LOL well if I get some spare time tomorrow I shall sit...and wait. Of course Inca will be wanting to play fetch too


----------



## Inca's Mum (Apr 9, 2009)

Here are some pictures...anyone like to help me name? They all come out as soon as I'm not looking  they aren't fantastic, but I tried 










Blackbird of course 









Some of the feeders (we now have a peanut feeder out too so we've moved them around the gazebo a bit)









Female blackbird (?) lol













































Female blackbird again (?)









Trampoline leg got in the way!









Male blackbird


----------



## PurpleCrow (Mar 22, 2009)

Now those are fat birds!
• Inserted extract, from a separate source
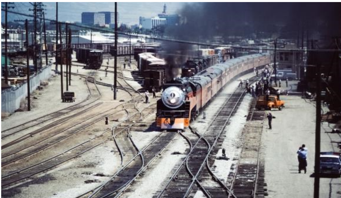
Photo 8 - May 1984 Steam Excursion at Tower

You feed them well


----------



## tosca (Jun 11, 2010)

Good on you! The first birds are goldfinches, absolutely beautiful birds and becoming more common. Then as you say, male and female blackbirds. The one in fetching pinky-orange is a male chaffinch. I think the ones on the feeder are bluetit but can't really see to be sure (there are lots of different tits). Then back to the blackbirds again.

Thank you ery much for taking the time..


----------



## Inca's Mum (Apr 9, 2009)

PurpleCrow said:


> Now those are fat birds! You feed them well


:laugh: :laugh:


tosca said:


> Good on you! The first birds are goldfinches, absolutely beautiful birds and becoming more common. Then as you say, male and female blackbirds. The one in fetching pinky-orange is a male chaffinch. I think the ones on the feeder are bluetit but can't really see to be sure (there are lots of different tits). Then back to the blackbirds again.
> 
> Thank you ery much for taking the time..


Thanks for helping me, there are plenty more that we get but they never seem to want to be there when the camera is there


----------



## rob158 (Nov 7, 2009)

here some of mine,
swallow








dunnock








chaffinch








sparrow hawk








bull finch








gold finch








coal tit








woodpecker








buzzard








tree sparrow








house sparrow









now for the bugs
bee fly








lady bird








some sort of bee








some sort of other bee








and the last one (thank god your thinking) a butter fly,


----------



## LaughingHeart (May 23, 2010)

I gotta be soooo lucky! My large, first floor lounge window immediately overlooks woodland. You name it, we see it! Roe deer, foxes, squidgels, rodents, birds of all kinds [lot of jays this year] Whole squadrons of magpies, Big fat pigeons, woodpeckers. tawny owls, butterflies and creepy crawlies too varied to list! Hoggies are in strength this year and so are the blackbirds who's songs greet the day and call in the evenings.
Another great bonus is the amount of wild fruits and berries. going to make loads of jams and copious amounts of crab apple jelly and rose hip jelly too! Elderberry wine, me thinks might be a good idea! Get out there and forage!
Paol. :thumbup:


----------



## Valanita (Apr 13, 2010)

Super photo's on this thread Folks.
Rob, you are so lucky having Tree Sparrows, we don't get them here.


----------